Hardware Unit Hang -> NIC

shorty707

New Member
Oct 7, 2024
8
0
1
Hey,
I upgraded all packages today (no-sub repos) and now the NIC seems to crash after some minutes after reboot.
Any hints what I could do?

Thanks

Code:
Apr 02 16:27:37 proxmox-node1 kernel: e1000e 0000:00:1f.6 eno1: Detected Hardware Unit Hang:
  TDH                  <ac>
  TDT                  <c3>
  next_to_use          <c3>
  next_to_clean        <ab>
buffer_info[next_to_clean]:
  time_stamp           <100212189>
  next_to_watch        <ac>
  jiffies              <100aaf481>
  next_to_watch.status <0>
MAC Status             <80083>
PHY Status             <796d>
PHY 1000BASE-T Status  <7c00>
PHY Extended Status    <3000>
PCI Status             <10>


Code:
CPU(s) 8 x 12th Gen Intel(R) Core(TM) i3-12100 (1 Socket)
Kernel Version Linux 6.8.12-9-pve (2025-03-16T19:18Z)
Boot Mode EFI
Manager Version pve-manager/8.3.5/dac3aa88bac3f300
 
Last edited:
Try updating again
apt-get update && apt-get upgrade

Reinstall the driver or update
apt reinstall pve-firmware

Check that you have the correct file with the Debian and Proxmox version update package.

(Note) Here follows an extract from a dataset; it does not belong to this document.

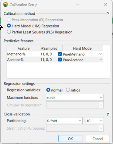 To set up the calibration, you use a Hard Model Regression with the predictive features of the pure solvent models you created earlier for both methanol and acetone. As for the regression settings, it’s best to select cubic as the maximum function for the least squares regression. This can always be changed later if a cubic polynomial equation “overfits” the data, which you want to avoid.

rm /etc/apt/sources.list.d/pve-enterprise.list
echo "deb http://download.proxmox.com/debian/pve bookworm pve-no-subscription" > /etc/apt/sources.list.d/pve-no-subscription.list
 
thank
let's wait and see if reinstall helped


Code:
root@proxmox-node1:~# apt-get update && apt-get upgrade
Hit:1 http://security.debian.org/debian-security bookworm-security InRelease
Hit:2 http://deb.debian.org/debian bookworm InRelease
Hit:3 http://download.proxmox.com/debian/pve bookworm InRelease
Get:4 http://deb.debian.org/debian bookworm-updates InRelease [55.4 kB]
Fetched 55.4 kB in 0s (151 kB/s)   
Reading package lists... Done
Reading package lists... Done
Building dependency tree... Done
Reading state information... Done
Calculating upgrade... Done
The following packages were automatically installed and are no longer required:
  proxmox-kernel-6.8.12-2-pve-signed proxmox-kernel-6.8.12-4-pve-signed proxmox-kernel-6.8.12-5-pve-signed
Use 'apt autoremove' to remove them.
0 upgraded, 0 newly installed, 0 to remove and 0 not upgraded.
root@proxmox-node1:~# apt reinstall pve-firmware
Reading package lists... Done
Building dependency tree... Done
Reading state information... Done
The following packages were automatically installed and are no longer required:
  proxmox-kernel-6.8.12-2-pve-signed proxmox-kernel-6.8.12-4-pve-signed proxmox-kernel-6.8.12-5-pve-signed
Use 'apt autoremove' to remove them.
0 upgraded, 0 newly installed, 1 reinstalled, 0 to remove and 0 not upgraded.
Need to get 0 B/159 MB of archives.
After this operation, 0 B of additional disk space will be used.
(Reading database ... 84989 files and directories currently installed.)
Preparing to unpack .../pve-firmware_3.15-2_all.deb ...
Unpacking pve-firmware (3.15-2) over (3.15-2) ...
Setting up pve-firmware (3.15-2) ...
root@proxmox-node1:~#
 
I pinned the kernel for 1 boot that is said to still have not that issue in above link
lets see ...

Code:
root@proxmox-node1:~# proxmox-boot-tool kernel pin 6.8.12-8-pve --next-boot
 
the kernel 6.8.12-8-pve is stable and no hardware hang.
liked described in above bugzilla ticket
 
I also have this issue. I have four mini pcs in a cluster and after the upgrade they each restart with the hang at least once a day. I have pinned 6.8.12-8-pve and this appears to have resolved the issue.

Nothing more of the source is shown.